Sein zentrales Argument: Langfristig steigert Nutzbarkeit den Wert, nicht Knappheit allein. Bei einem Rohstoff wie Gold funktioniert das Knappheitsprinzip. Bei Netzwerken wie Ethereum jedoch seien gesunkene Transaktionsgebühren – heute Centbeträge statt früher 7 bis 50 US-Dollar – ein zweischneidiges Schwert: gut für die Nutzer, schlecht für die Bewertungsgrundlage des Netzwerks selbst.
Santos nennt konkrete Zahlen:
- Ethereums Gebühren sind seit 2021 um 80–90 Prozent zurückgegangen
- Die Marktkapitalisierung liegt dennoch bei rund 300 Milliarden US-Dollar
- Das implizierte Kurs-Gewinn-Verhältnis liegt damit beim etwa 400-Fachen – für ihn schwer begründbar
- Attraktiver findet er Protokolle, die konstant hohe Gebühren generieren und dennoch zum 4- bis 15-Fachen des Cashflows gehandelt werden
- Plattformen wie Hyperliquid oder Prognosemärkte sieht er als strukturell interessanter an
Gleichzeitig betont er: Zwei Dinge könnten gleichzeitig wahr sein – manche Krypto-Projekte seien massiv überbewertet, andere deutlich unterbewertet. Die eigentliche Frage sei, wie man sie seriös unterscheidet.
Tokenisierung: Chancen mit klaren Grenzen
Das Thema Tokenisierung realer Vermögenswerte bewertet Santos differenziert. Grundsätzlich sieht er Potenzial: Kleinanleger erhalten Zugang zu bislang illiquiden Anlageklassen wie Gewerbeimmobilien oder Kunstwerken. Preisfindung und Handelbarkeit verbessern sich.
Allerdings warnt er vor überzogenen Erwartungen. Physische Vermögenswerte auf einer Blockchain abzubilden erfordere funktionierende Rechtssysteme, Beglaubigungsinfrastrukturen und verlässliche Preise – Voraussetzungen, die in vielen Märkten schlicht fehlen. „Nicht alles sollte tokenisiert werden”, sagt Santos und verweist auf den Ökonomen Hernando de Soto: Eigentums- und Landrechte sind das Fundament, ohne das Tokenisierung ins Leere läuft.
Digital-native Vermögenswerte – also Objekte, die originär auf der Blockchain existieren – ließen sich dagegen einfacher und sinnvoller tokenisieren. Finanzanwendungen wie tokenisierte Aktien oder 24/7-Märkte sieht er als vielversprechendste Anwendungsfälle.
KI als Kraftmultiplikator für kleine Teams
Neben Krypto beschäftigt Santos zunehmend die Integration von KI-Agenten in Unternehmensprozesse.
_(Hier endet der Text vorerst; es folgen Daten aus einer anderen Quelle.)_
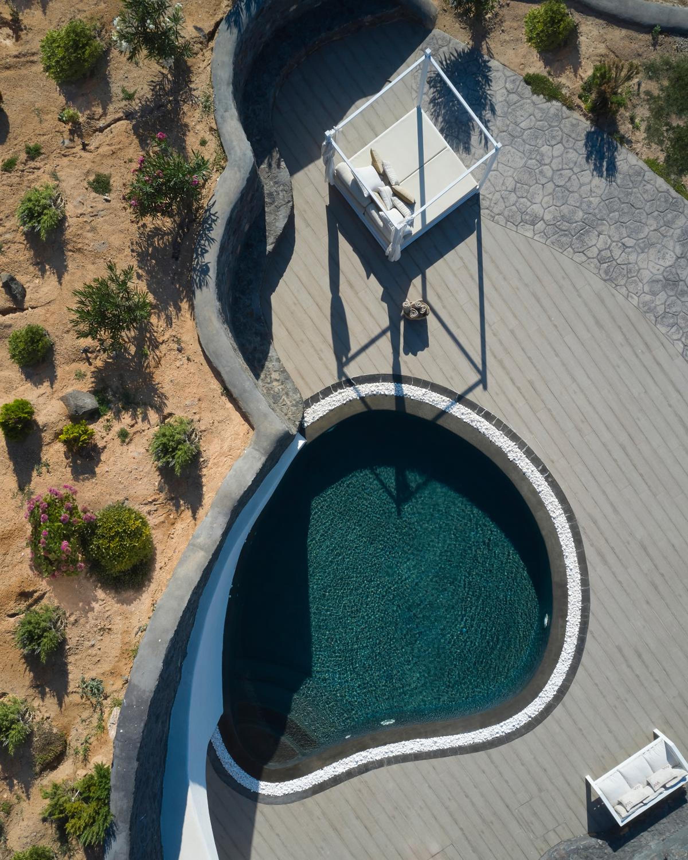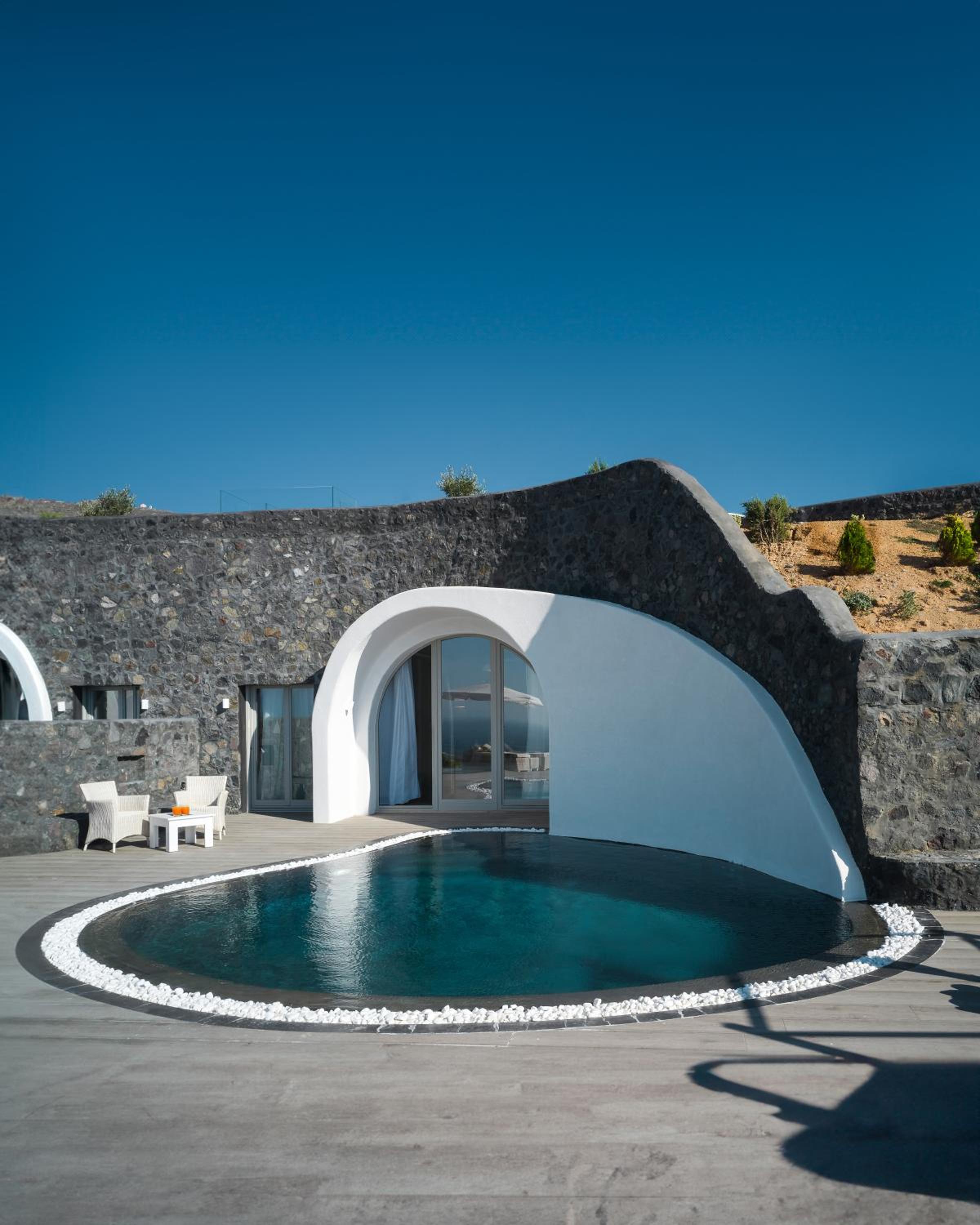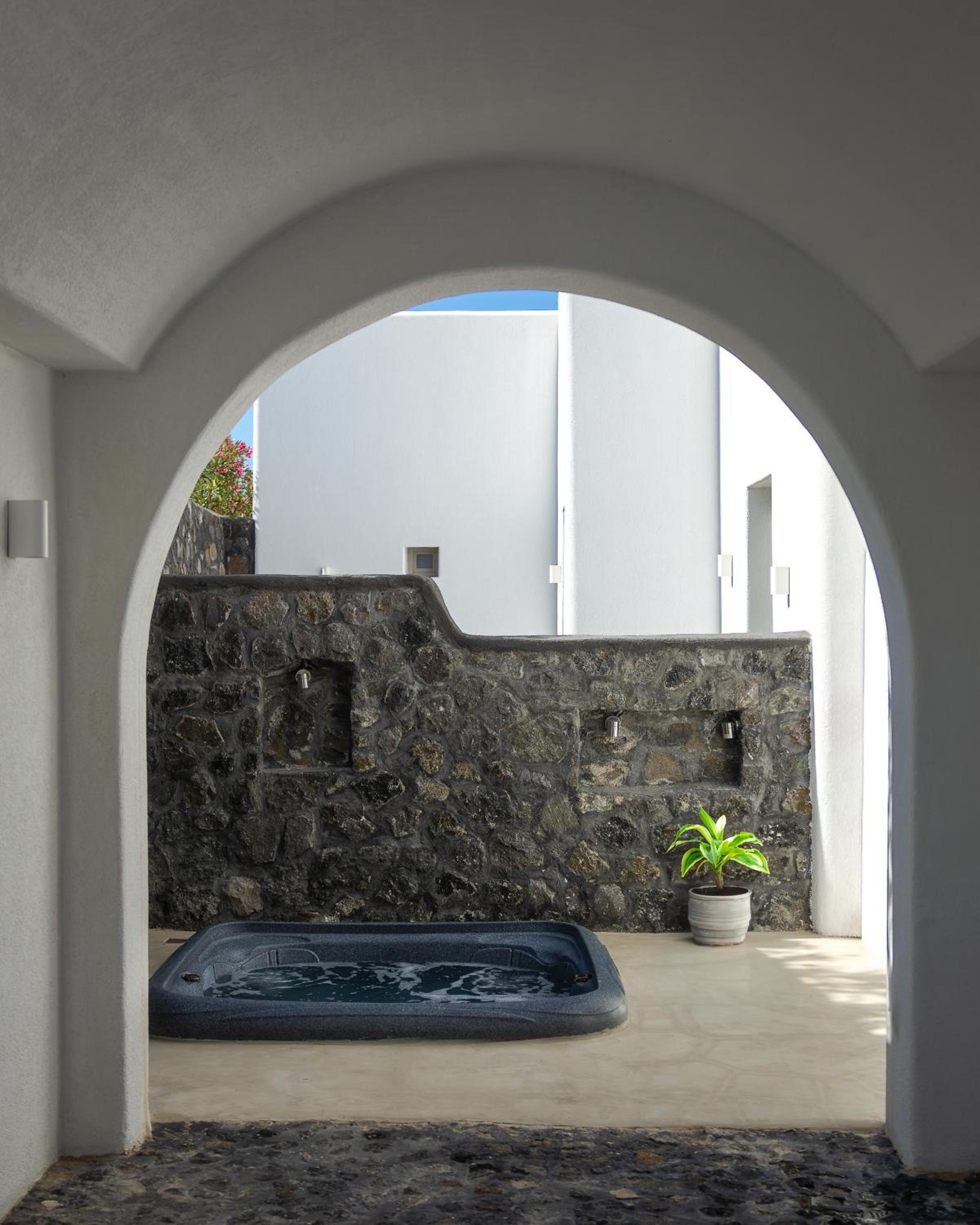 Rustig gelegen in Finikia, net buiten het drukke Oia. Een fijne balans tussen rust en levendigheid. De suite was ruim en netjes ingericht, met een privé terras op de ochtendzon met uitzicht op de land en hot tub met middag en avondzon en uitzicht op zee, maakten ons verblijf extra fijn. Het personeel was warm en attent, altijd beschikbaar zonder opdringerig te zijn. Elke ochtend begon met een vers ontbijtbuffet en a la carte, geserveerd met zorg. Het zwembad was een rustige plek om te ontspannen, met comfortabele ligbedden en uitzicht op de zee.

Mit einem vierköpfigen Team bei Inversion erledigt er nach eigener Aussage Aufgaben, für die er ohne KI 20 Mitarbeiter bräuchte. Die Technologie sei kein Job-Vernichter per se, sondern vor allem ein Hebel für Unternehmen, die an Kapazitätsgrenzen stoßen.
Sein Investmentfokus bei Inversion richtet sich deshalb auf Unternehmen, bei denen Technologie orthogonal wirkt – also das bestehende Geschäft verbessert, statt es zu ersetzen. Branchen wie Buchhaltung, Gesundheitswesen oder wissensintensive Dienstleistungen hält er für besonders geeignet.
Langfristig skizziert Santos eine Welt, in der das Verhältnis von KI-Agenten und Robotern zu Menschen bei zehn zu eins liegen könnte. Ob das zu mehr Überfluss und Freizeit führt oder primär Ungleichheit verstärkt, lässt er bewusst offen – und benennt es als die wichtigste gesellschaftliche Frage der nächsten zwanzig Jahre.